With STEC (Shiga toxin producing E coli) infection, the incubation period is typically 3 to 4 days after exposure (range, 1 to 14 days).

Initial signs of symptomatic infection are vomiting, diarrhea, and significant abdominal pain. The diarrhea is often watery like typical viral gastroenteritis for the first 1 to 3 days; then, in most cases (80%), it becomes bloody. Patients are often afebrile. Only 30% have fever and it tends to be low-grade in contrast to that seen with most bacterial enterocolitis. The hemorrhagic colitis resolves completely without any sequelae in most (90-95%) cases. Infection can also be asymptomatic.

When it occurs, the triad of HUS typically follows the onset of diarrhea in 5 to 7 days (range, 1 to 14 days), often just as the colitis is resolving. This time lag may provide an opportunity for potential interventions to prevent renal failure.

Lethargy, irritability, renewed vomiting, pallor, edema, hypertension, and decreased urine output are common. Hypertension occurs about 75% of the time. Renal involvement can be mild with only some microscopic hematuria and proteinuria with normal urine output, or may extend to irreversible renal failure with widespread cortical necrosis. Notably, the presence of diarrhea may mask oliguria. Oliguria occurs in many cases (about 60%) lasting typically about 1 week, with frank anuria (40%) lasting a few days.

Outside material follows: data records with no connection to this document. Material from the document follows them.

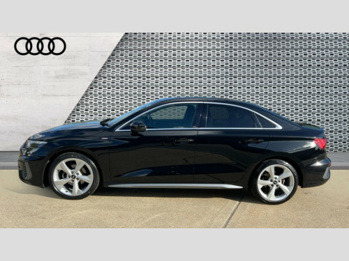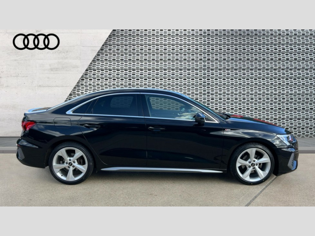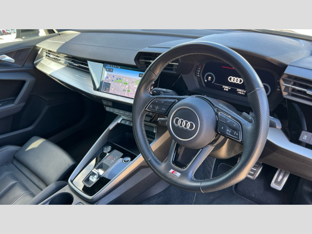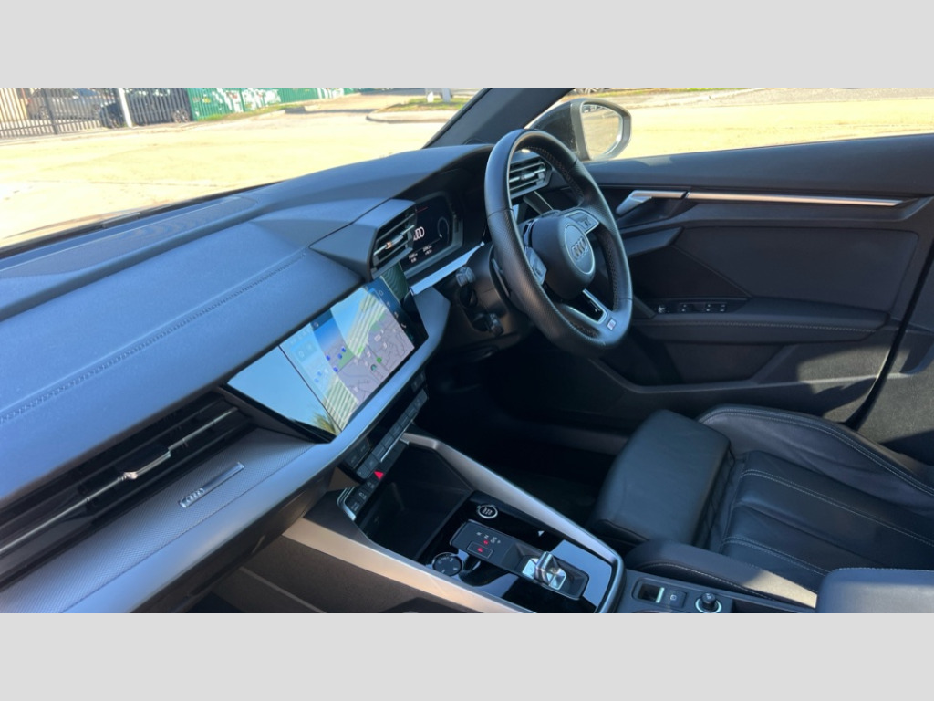 Audi A3 35 TFSI S Line 4dr S Tronic Audi connect emergency call and service, Audi drive select (Auto, Comfort, Dynamic, Efficiency and Individual), Audi smartphone interface, Audi Virtual Cockpit - 10.25" digital and colour instrument cluster, Automatic start/stop system with recuperation, Bluetooth interface, Collision avoidance assistant, Electromechanical power speed sensitive steering, Lane departure warning system, MMI Navigation Plus with high resolution 10.1" colour touch screen display, Service indicator, Voice control system with natural language interaction, 2x USB Type C ports (for charging and data transfer), 6 passive loudspeakers, CD player, DAB Digital radio, 3rd brake light, Acoustic glass windscreen, Aluminium window trim, Auto dimming frameless rear view mirror, Electrically adjustable/heated/folding/auto dimming door mirrors with integrated LED indications + kerb view function for passenger side, Front electric windows, Illuminated door sills with aluminium inserts at the front with S logo, LED daytime running lights, LED headlights with LED rear lights and dynamic rear indicators, Light and rain sensors, Model and engine designation badges at rear, Privacy glass - dark tinted rear window, rear door and side windows, Rear electric windows, S line bumpers, S roof spoiler, 12V socket and storage compartment in front centre console, 40/20/40 split folding rear seat bench with cupholder, Black cloth headlining, Dual zone electronic climate control, Front and rear centre armrest in leather, Front and rear headrests, Front/rear floor mats, Height and reach adjustable steering wheel, Interior lighting - glove compartment light and right hand side, Luggage compartment floor covering, Manual boot compartment lid, Manually adjustable front sport seats, Seat side bolsters, Stainless steel pedals and front footrest, Twin leather upholstery with front sports seats S embossed logo, Aluminium interior elements pack - A3, S line styling pack - A3 Saloon, 3x3 point rear seat belts, Driver and front passenger airbag with passenger airbag deactivation, Electronic Stabilisation Control (ESC) including ABS, ASR and EDL, First aid kit with warning triangle and 2 safety vests, Front side airbags with head airbags and interaction airbag, Hill hold assist, Pre-sense front with pedestrian and cyclist detection, Seatbelt monitoring, Tyre pressure loss indicator, Anti theft alarm, Anti-theft wheel bolts, Electronically operated child lock, Immobiliser, Remote control central locking, Aluminium air vent surrounds, Aluminium trim elements, Dark spectrum aluminium inlays, accent surfaces in the dashboard and centre console in platinum grey silk effect paint finish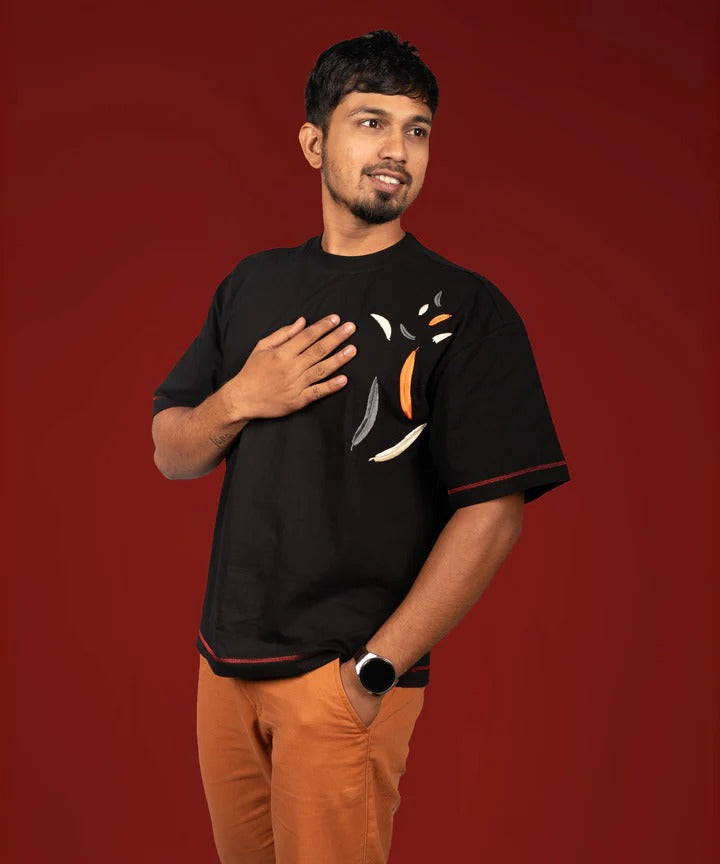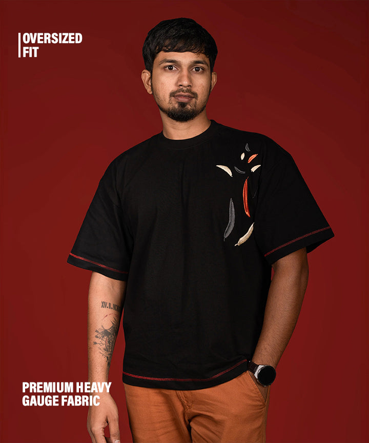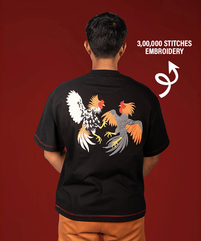 "Born to Battle, Built to Win", this oversized tee a Rooster 3,00,000 stitch Embroidery at the back. Front chest fether design.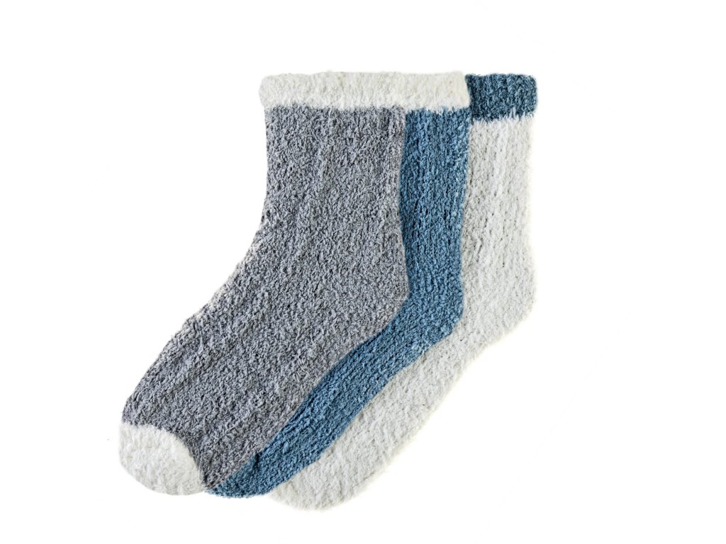 Set obsahuje 3 vyšší ponožky, které jsou šedé, bílé a modré a mají kontrastní lem. Jsou vyrobeny z bavlny s dodatkem polyesteru a spandexu. Díky této kombinaci jsou příjemné na nošení, hřejivé, elastické a odolné.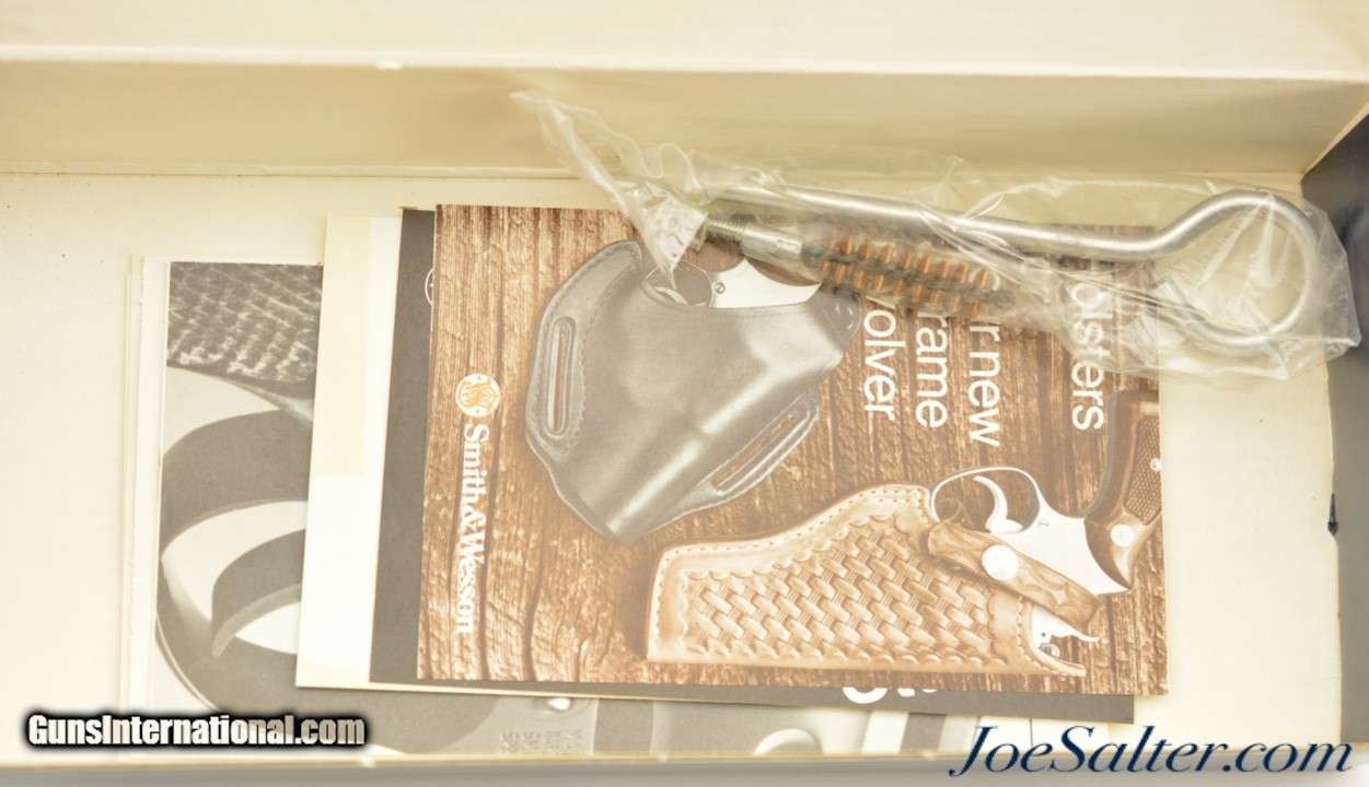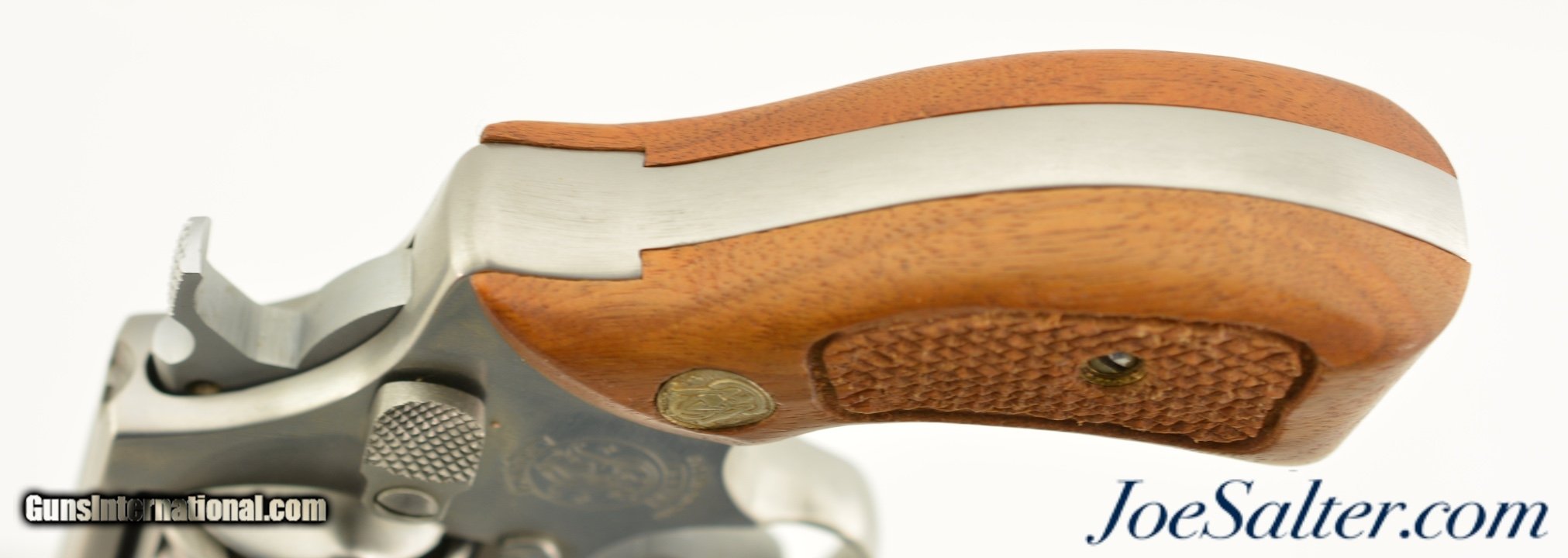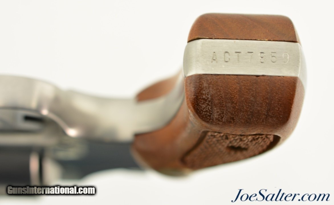 Description: Serial #ACT7859, .38 Special, 1 7/8 inch barrel with a bright, excellent bore. This is the Smith & Wesson model 60 Chiefs Special revolver. In excellent condition the revolver is like new in the original box. The stainless steel surfaces rate excellent with 99% plus of the original finish remaining and showing only light handling marks. The smooth combat trigger and service hammer retain full hard chrome finish. The checkered walnut factory round butt Magna grips with silver S&W medallions rate excellent. The functioning of this fine J-frame revolver is excellent with correct timing and lockup. It comes in the original factory box that is correctly end labeled and numbered to the gun, cleaning kit, manual and paperwork. The Chiefs Specials were well regarded by law enforcement and civilians alike. An excellent Chiefs Special! SOLD |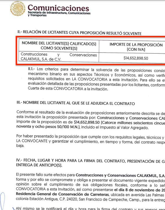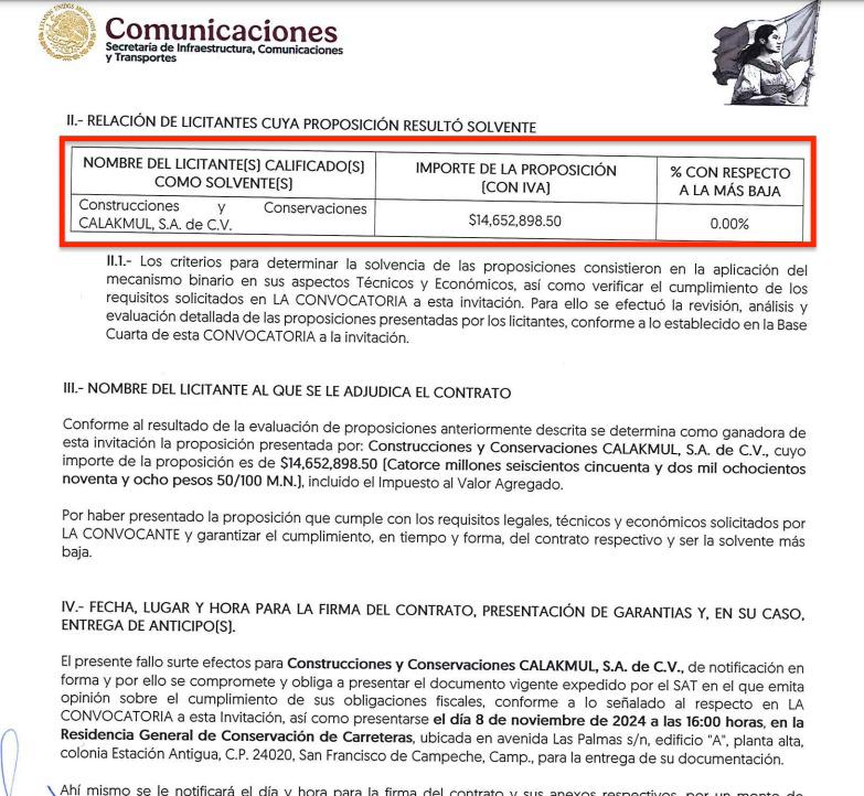 El único contrato adjudicado para obras viales fue a través de la licitación IO-09-211-009000959-N-260-2024 para conservación rutinaria de tramos en 243.57 km, en las rutas 180, 186, 201 y 259 de las vías federales correspondientes a Campeche, que fue adjudicada a la empresa Construcciones y Conservaciones Calakmul SA de CV, de Jorge Manuel Gordillo Coral, por un monto de $14,652,898.50 pesos.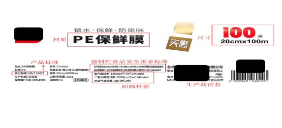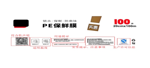 检查产品标识。注意查看生产许可证编号及生产许可证标志,产品标识包括产品名称、材质、生产者和(或)经销者的名称、地址和联系方式、生产日期和保质期、注意事项或者警示信息等内容。执行标准应符合GB 4806.7—2023(食品安全国家标准 食品接触用塑料材料及制品),产品标准为GB/T 10457—2021 (食品用塑料自粘保鲜膜质量通则)或企业标准。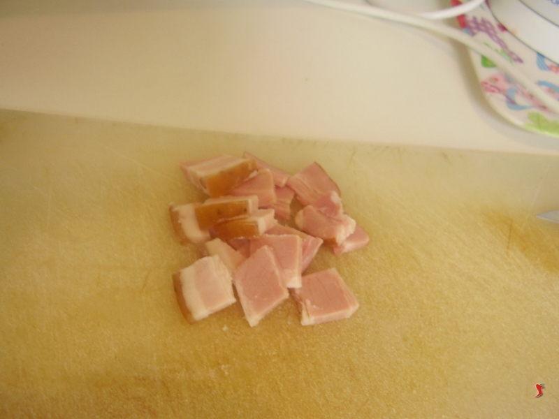 Il primo passo è quello di preparare la pancetta affumicata da soffriggere. Tagliatela prima a fette e poi a cubetti, e mettetela da parte. Quindi prendete una padella ampia e antiaderente e versateci quattro cucchiai d'olio extravergine di oliva.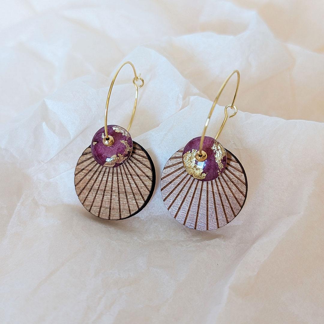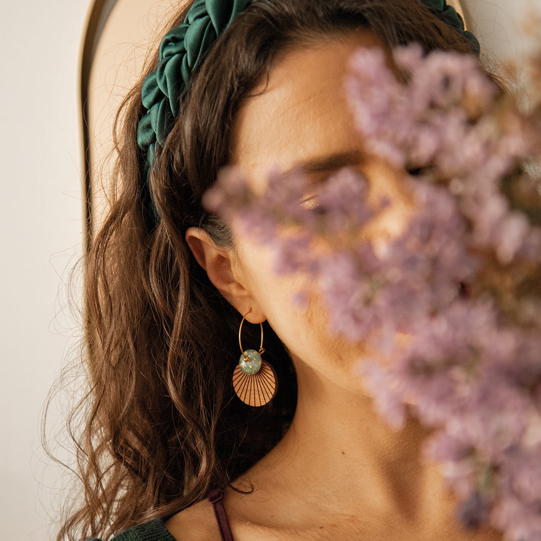 Les boucles d’oreilles en bois et papier résiné SOLIS ont été imaginées en collaboration avec Minoë.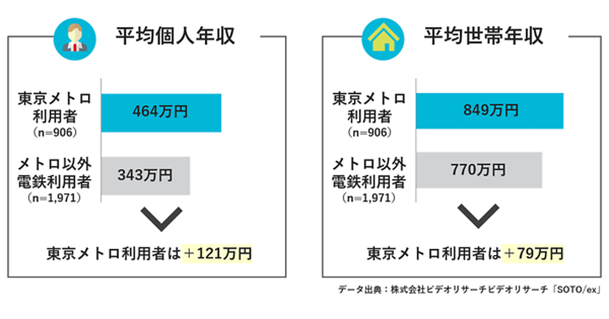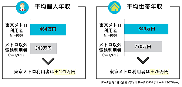 そして「平均の個人年収」を見ると、東京メトロ利用者における平均個人年収は464万円だったのに対し、メトロ以外の電鉄利用者は343万円と、121万円もの差を見せた。「平均世帯年収」についても、メトロ利用者は849万円だったが、メトロ以外の電鉄利用者は770万円と、79万円の差を見せたという。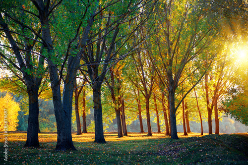 Fototapeta premium beautiful glade and trees in the autumn forest, bright sunset and landscape in fall season
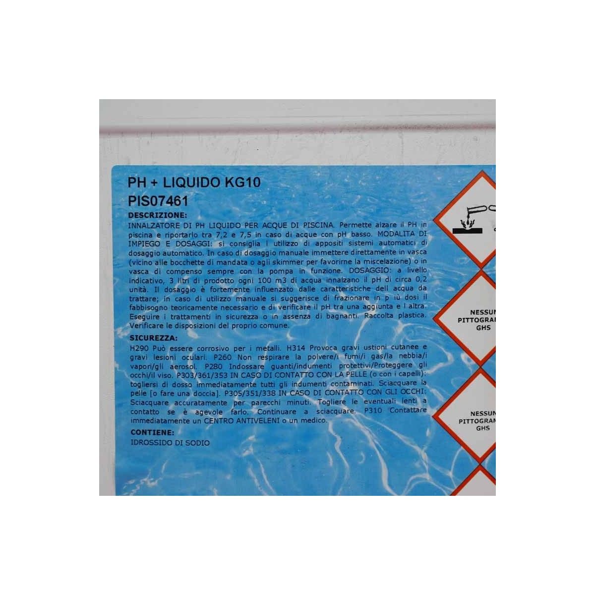 - Dosaggio indicativo: 3 litri ogni 100 m³ aumentano il pH di circa 0,2 unità

Extrarenal manifestations, when present, can include rectal prolapse, toxic megacolon, bowel gangrene, intestinal perforation, colonic stenosis, intussusception, pancreatitis, pancreatic insufficiency (diabetes mellitus), CNS involvement (seizures, cerebral edema, hemiparesis, cranial nerve involvement, cerebral infarction), myocardial dysfunction, congestive heart failure with or without fluid overload, liver injury, and myositis. Most of the cardiovascular involvement in HUS is a result of fluid overload secondary to renal failure. Direct myocardial injury can sometimes occur.
CNS involvement occurs up to 30% of the time, the most common manifestation being seizures.
Often, metabolic derangements (e.g., hyponatremia, uremia) or hypertension are causative, but in some cases the seizures are the result of CNS vascular involvement. The presence of fever and CNS symptoms may make the distinction between HUS and thrombotic thrombocytopenic purpura (TTP) more difficult. TTP is mainly an adult process manifested by neurologic symptoms, fever, and mild renal dysfunction. Bloody diarrhea is uncommon. Both diseases share endothelial cell damage as the inciting event but by different mechanisms. TTP is either due to congenital absence of von Willebrand factor-cleaving protease enzyme (ADAMTS 13) activity or to an acquired antibody directed against this enzyme.

Differential Diagnosis:
The differential diagnosis for HUS would include 
  • intussusception, 
  • inflammatory bowel disease, 
  • sepsis, 
  • meningococcemia, 
  • disseminated intravascular coagulation, 
  • vasculitis, 
  • leukemia and other malignancies, 
  • post-streptococcal glomerulonephritis, 
  • rapidly progressive glomerulonephritis, 
  • lupus nephritis, 
  • TTP, immune thrombocytopenic purpura (ITP), and immune hemolytic anemia.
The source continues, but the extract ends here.